TEN TIPS FOR READING WITH KIDS

#1. Start early.  One friend told me her mom read to her as an infant and since the baby wasn’t tracking stories quite yet, the mother read what she enjoyed– Shakespeare!  Awesome.  It’s never to soon to ladle all those sweet words and sounds into your baby’s head…

#2. For tiny readers, it’s all about rhythm, rhyme and repetition.  That’s why most every 3 year old is content to to read Brown Bear Brown Bear or Hop On Pop over and over.

#3.  Sing along books are great!  Even my 3rd graders loved to chime in on The Lady with the Alligator Purse!
Nadine Wescott has a whole series of sing-along books that are whimsical fun.

#4. Work reading into your schedule– the obvious before bed slot or during lunch or a wake up story…  The year Aaron was in kindergarten, we read every day while his sisters napped after lunch.  A sweet memorable time together.

#5.  Never be bookless!  Always have a stash in your diaper bag or in the car or tucked in a backpack–so waiting for appointments or in line or in traffic, you can pull out a story!

#6.  Some books are boring– Skip those!!  Look for books with color and lively language and humor, lots of humor–  Our favorite funny books include– I Ain’t Gonna Paint No More (naughty baby with a paintbrush) and Never Mail an Elephant (obvious foibles) and the Monster at the end of the Book (better read with the Grover voice!).

#7.  Wear out your Library Card!  Keep a fresh stack of books rotating through your house.  Last summer for Grammy Camp, we had a Library Scavenger Hunt.  We made an illustrated  list — a book about a cat, a Dr.
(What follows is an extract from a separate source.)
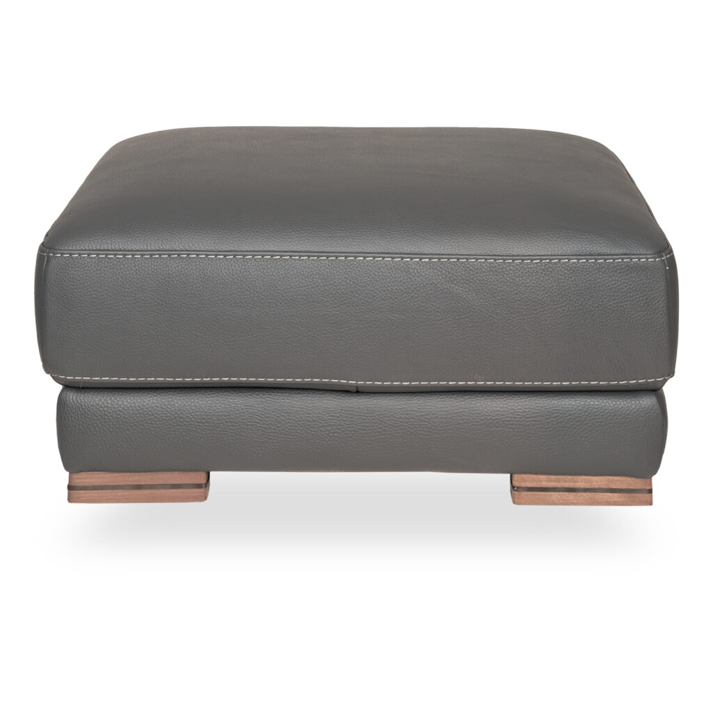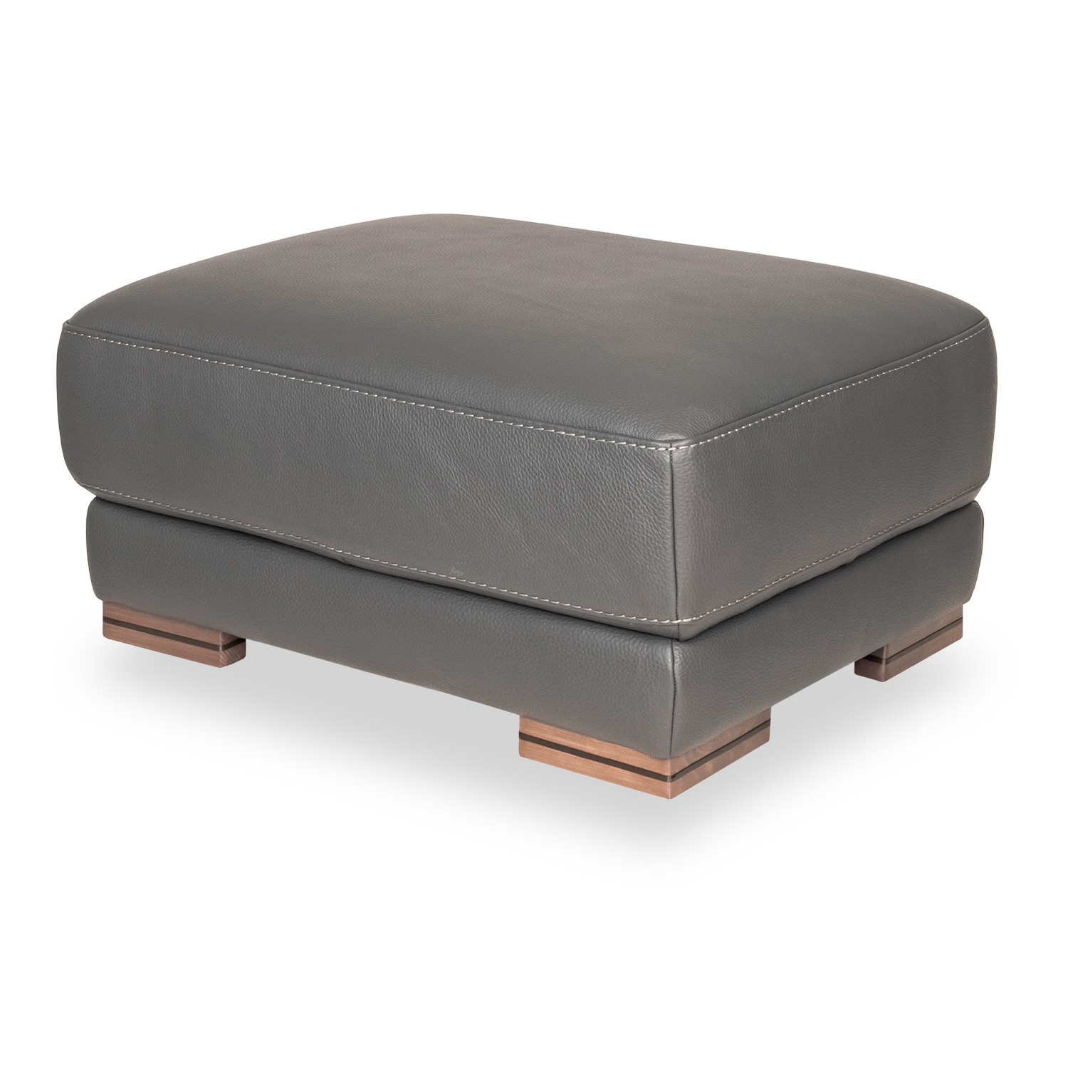 [0] => The Marco Ottoman, by Incanto Italia, will add a strong and stately presence to any living space. Upholstered in luxurious Mason dark grey leather, this ottoman features a generously-sized top with a bouncy feel, making it suitable as a footrest or as a seat. Contrast stitching in lighter grey adds visual interest, while wooden block feet with a metal stripe accent add sturdy support. You'll love putting your feet up on this ottoman to relax after a long day.

Seuss book, an ABC book…   and rounded them up for a bagful of books to tote home.

#8.  Talk about the books you read together–  anticipate what will happen next.  Ask which character is the most interesting, why?  Imagine a different ending to the story.

#9.  Bribing children to read is totally acceptable!  We had summer reading charts that looked like large Candyland games with a family outing at the end for all who finished.  And when we lived in Spain, someone mailed us a set of World Book Encyclopedias. I paid my boys 25 cents a page to read entries.  When the kids were older, I would check out colorful library books on topics they enjoyed and leave them on the coffee table, pretty sure they would pick them up.

#10.  Just keep on reading!  As they get older and schedules get full, you have to be creative.  On vacations, pick up a book that relates to your trip and read together.  Jim Trelease (author of the amazing Read Aloud Handbook) would make his high school kids wash the dishes for their chores and then sit at the kitchen table and read to them!  One year we had a 30 minute ride to school and read through The Hiding Place, Brother Andrew, Tom Sawyer…  to pass the commute.

So much joy in reading with kids– Hope your lap is full of books and little “readers!”  And one last picture– our little grand-girl Mae, a book lover.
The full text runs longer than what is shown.